Today Donna Montalbano will interview me on the online radio show, “Adoption Discussions” which appears on Woonsocket Radio 1240. You can stream it live, or listen to it later, by clicking here.
By the way, I had a great reading at the Wisconsin Book Festival last week. The event was well-attended, followed by thought-provoking discussion, and I got to meet Laura, an 11-year-old adoptee who lives in Madison and is one of the most insightful and curious kids I’ve ever met. The reading felt like a success because of the connection with Laura, alone: it was one of those moments that confirmed the reasons I wrote Between Light and Shadow.

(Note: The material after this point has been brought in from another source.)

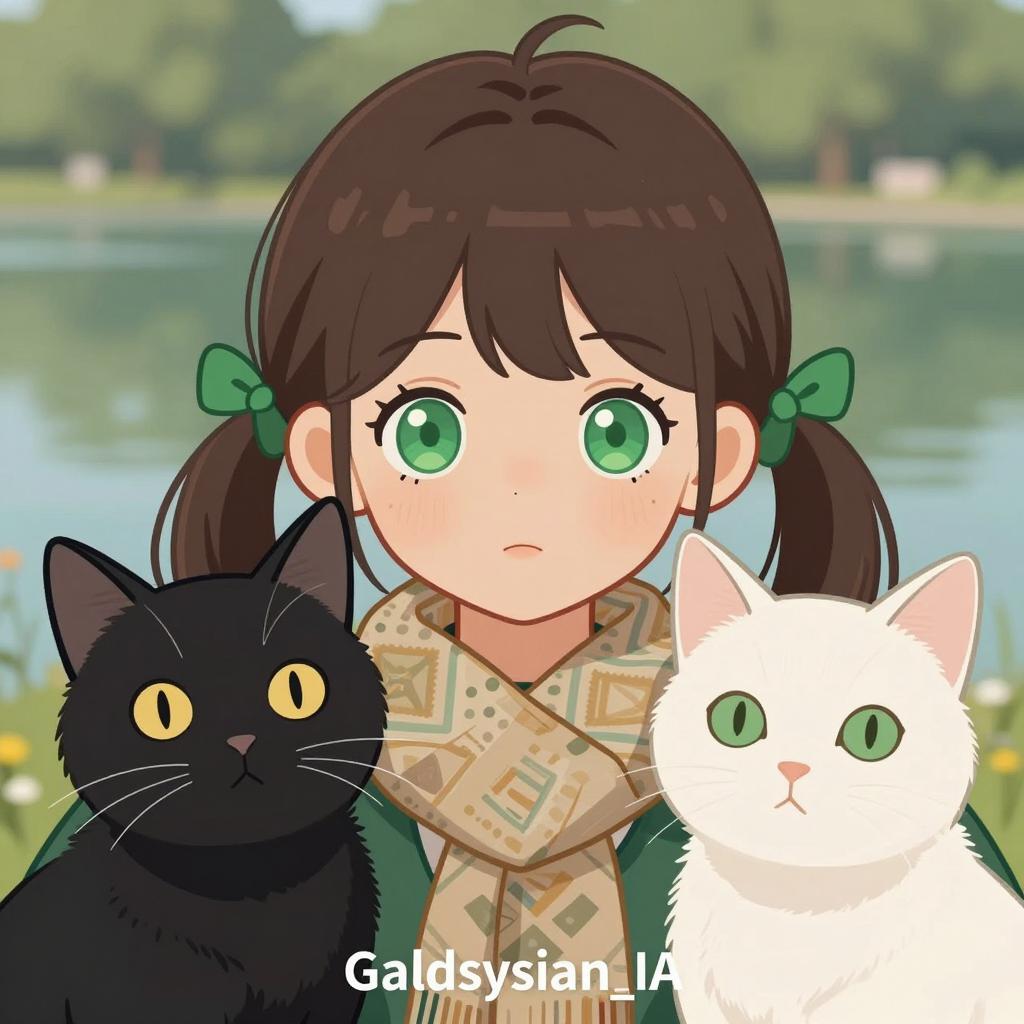Digital illustration of a young girl with large green eyes, brown hair in pigtails with green ribbons, wearing a patterned scarf. She has a black cat with yellow eyes on her left and a white cat with green eyes on her right. Background shows a blurred blue-green lake and trees. Girl's expression is neutral, cats look alert. "Gladsysian_IA" is visible at the bottom.

Montalbano bills this particular show as “a not-to-be-missed program, and especially timely because of the recent court ruling in the adoption of Karen Abigail Monahan Vanhorn (which I’ve written about here), who was adopted from Guatemala when she was two years old by an American couple. It was later discovered that the child was kidnapped from her Guatemalan family, and the Guatemalan court ruled that she should be returned to her natural mother. Karen Abigail is now six, and an American court has now also ruled that she must be returned to her Guatemalan family.”

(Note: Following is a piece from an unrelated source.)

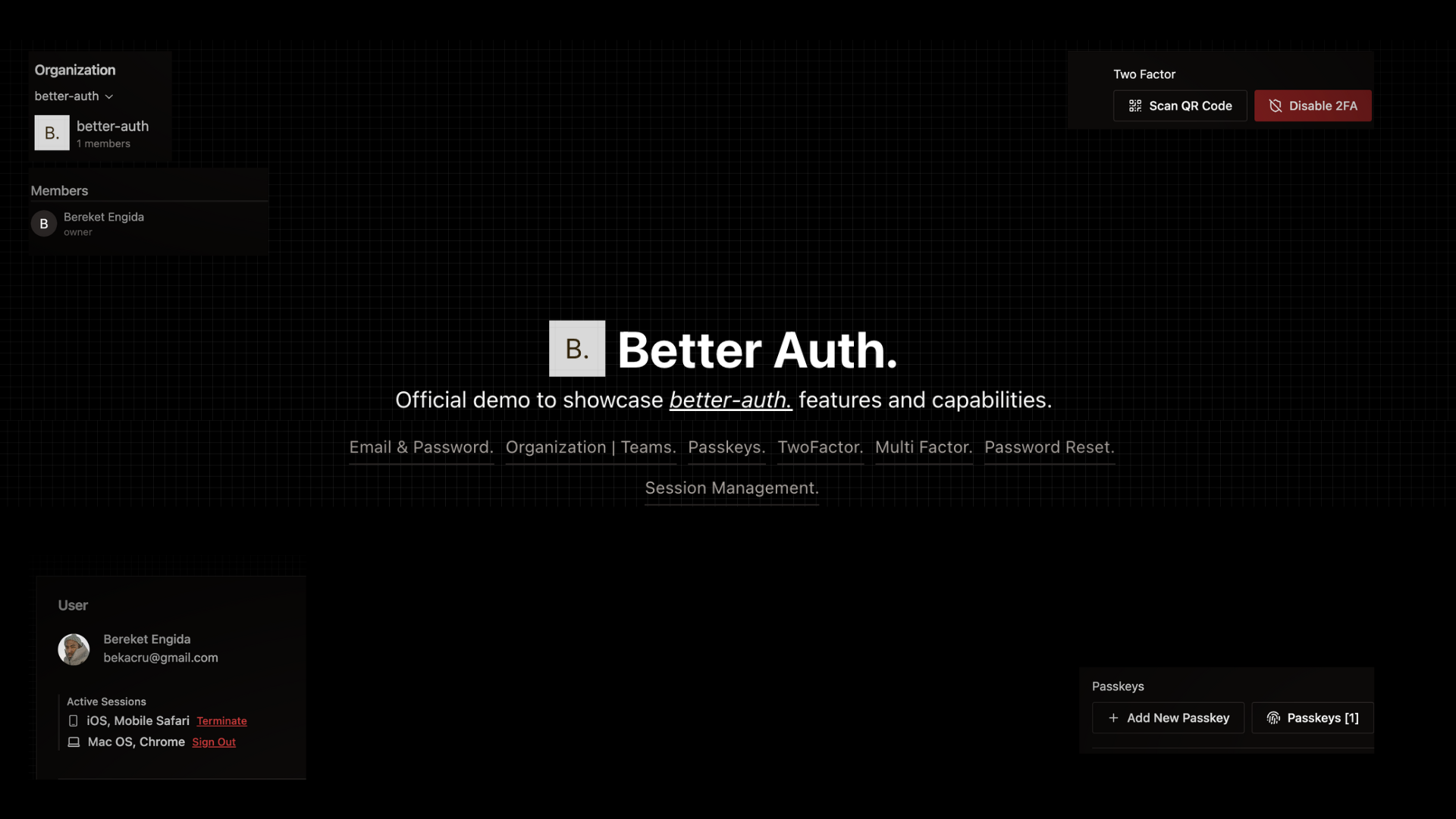 The demo site with Next and Better Auth is down and returns a 503 error on the client

According to Montalbano’s website, the impetus for her show is this:
“Just about every American is somehow touched by adoption personally or professionally. Under the umbrella of modern adoption are triad members of course: adoptees, birth parents and adoptive parents; along with the triad’s extended family circles. Foster parents and foster children (the kids in limbo) are front and center too. Along with the forgotten band of children whose numbers are growing every day: the children who are born through surrogates or egg/sperm donorship. Behind them stand the professionals and educators, the authors and movie-makers, the politicians, doctors, lawyers and social workers. The adoption agents and the leaders of the huge variety of national and international adoption organizations and support groups. They all have something to say, and in order to understand the evolution and revolution now taking place in the world of adoption, we must listen.”